◆ Input material:

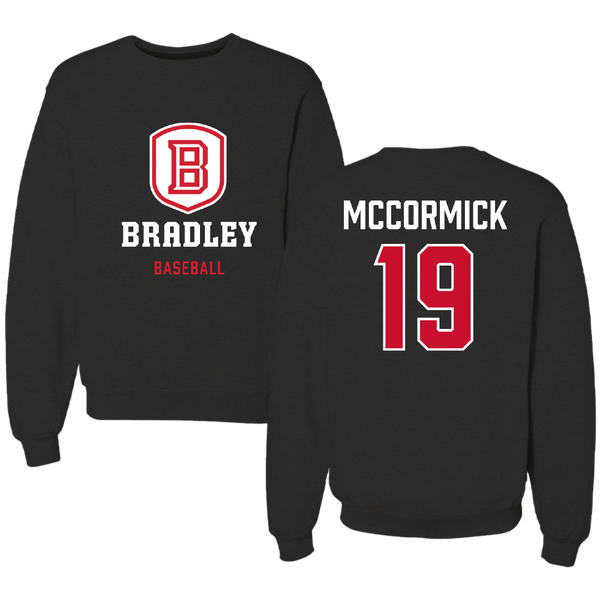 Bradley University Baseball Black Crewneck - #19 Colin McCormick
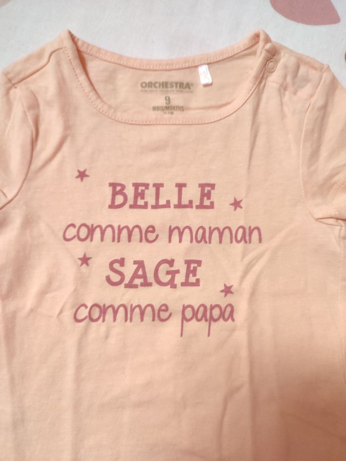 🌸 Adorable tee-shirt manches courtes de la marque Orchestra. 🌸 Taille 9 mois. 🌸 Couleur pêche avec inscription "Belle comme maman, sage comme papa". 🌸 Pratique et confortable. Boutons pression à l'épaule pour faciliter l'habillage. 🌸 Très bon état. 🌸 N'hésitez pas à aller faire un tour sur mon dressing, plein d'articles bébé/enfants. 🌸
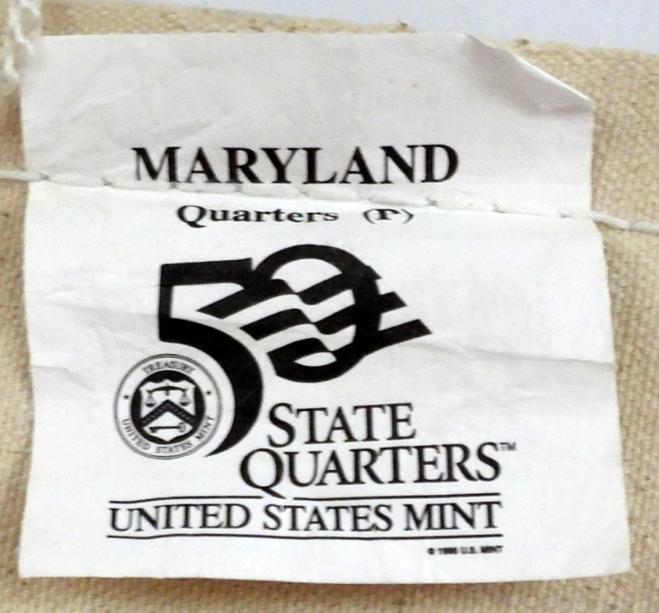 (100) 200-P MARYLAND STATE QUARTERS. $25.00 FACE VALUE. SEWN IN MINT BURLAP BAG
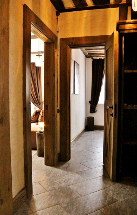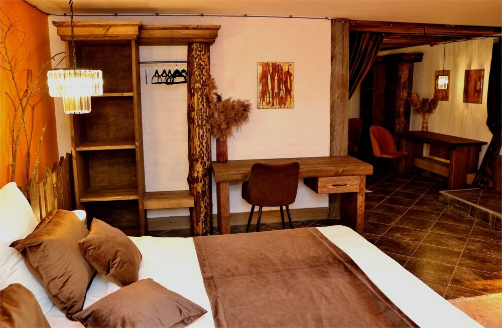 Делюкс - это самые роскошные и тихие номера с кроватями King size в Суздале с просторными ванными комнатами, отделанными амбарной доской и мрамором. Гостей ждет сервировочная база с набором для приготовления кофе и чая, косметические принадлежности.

--

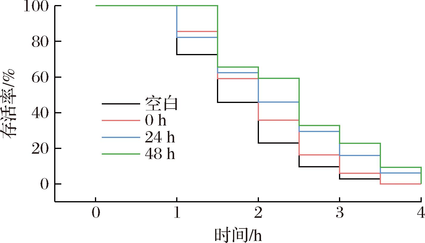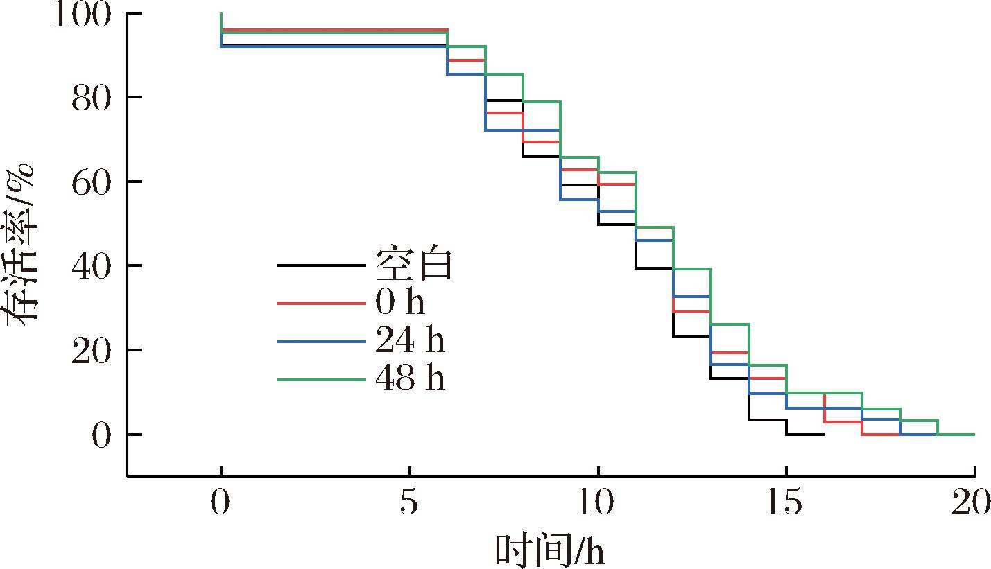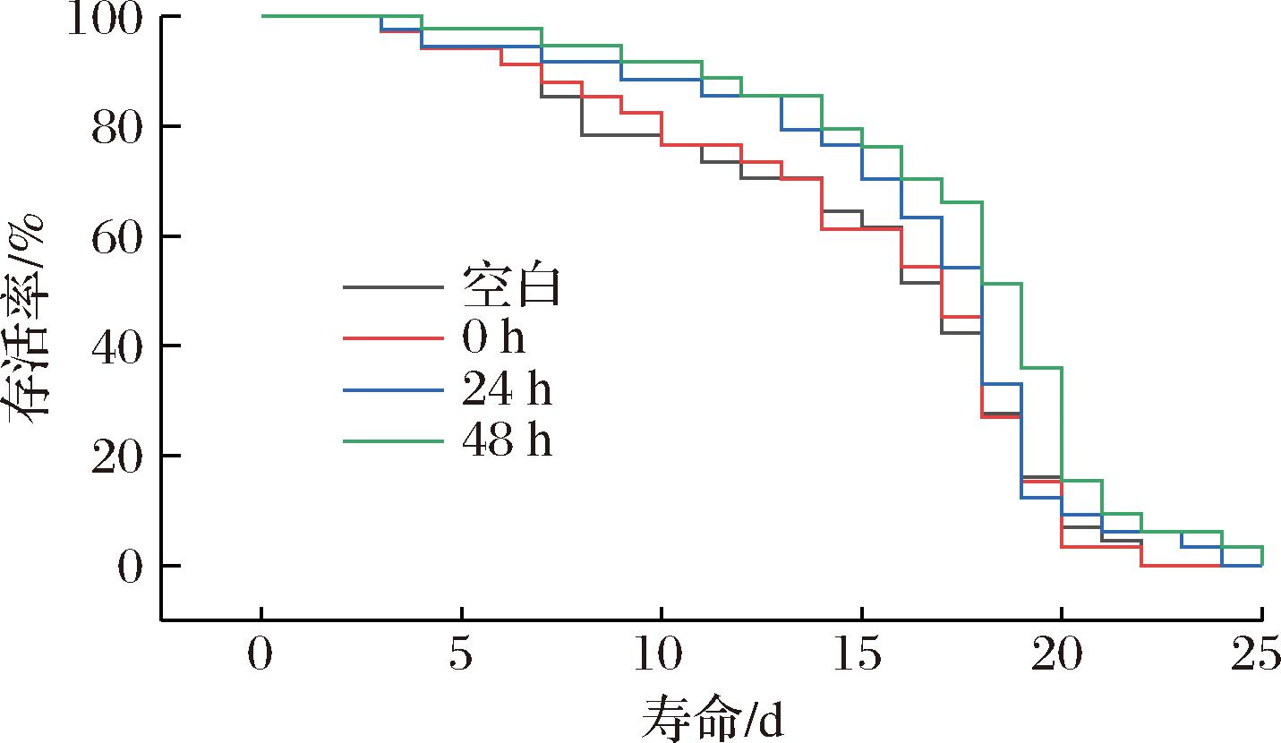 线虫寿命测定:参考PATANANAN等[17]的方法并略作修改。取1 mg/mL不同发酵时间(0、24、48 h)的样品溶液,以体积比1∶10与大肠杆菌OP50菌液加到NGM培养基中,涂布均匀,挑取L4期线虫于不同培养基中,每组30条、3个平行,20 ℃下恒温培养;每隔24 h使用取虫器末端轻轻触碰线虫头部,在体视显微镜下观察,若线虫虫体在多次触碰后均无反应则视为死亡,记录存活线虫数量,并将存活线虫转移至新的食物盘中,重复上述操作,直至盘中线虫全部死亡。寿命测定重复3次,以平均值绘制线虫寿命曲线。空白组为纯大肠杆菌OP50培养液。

◆ About this task: Copy only these lines from the records above, exactly: the one with "d'articles bébé/enfants. 🌸", the one with "(100) 200-P MARYLAND", and those between. Skip the pictures.

◆ Written response:
 🌸 Adorable tee-shirt manches courtes de la marque Orchestra. 🌸 Taille 9 mois. 🌸 Couleur pêche avec inscription "Belle comme maman, sage comme papa". 🌸 Pratique et confortable. Boutons pression à l'épaule pour faciliter l'habillage. 🌸 Très bon état. 🌸 N'hésitez pas à aller faire un tour sur mon dressing, plein d'articles bébé/enfants. 🌸
 (100) 200-P MARYLAND STATE QUARTERS. $25.00 FACE VALUE. SEWN IN MINT BURLAP BAG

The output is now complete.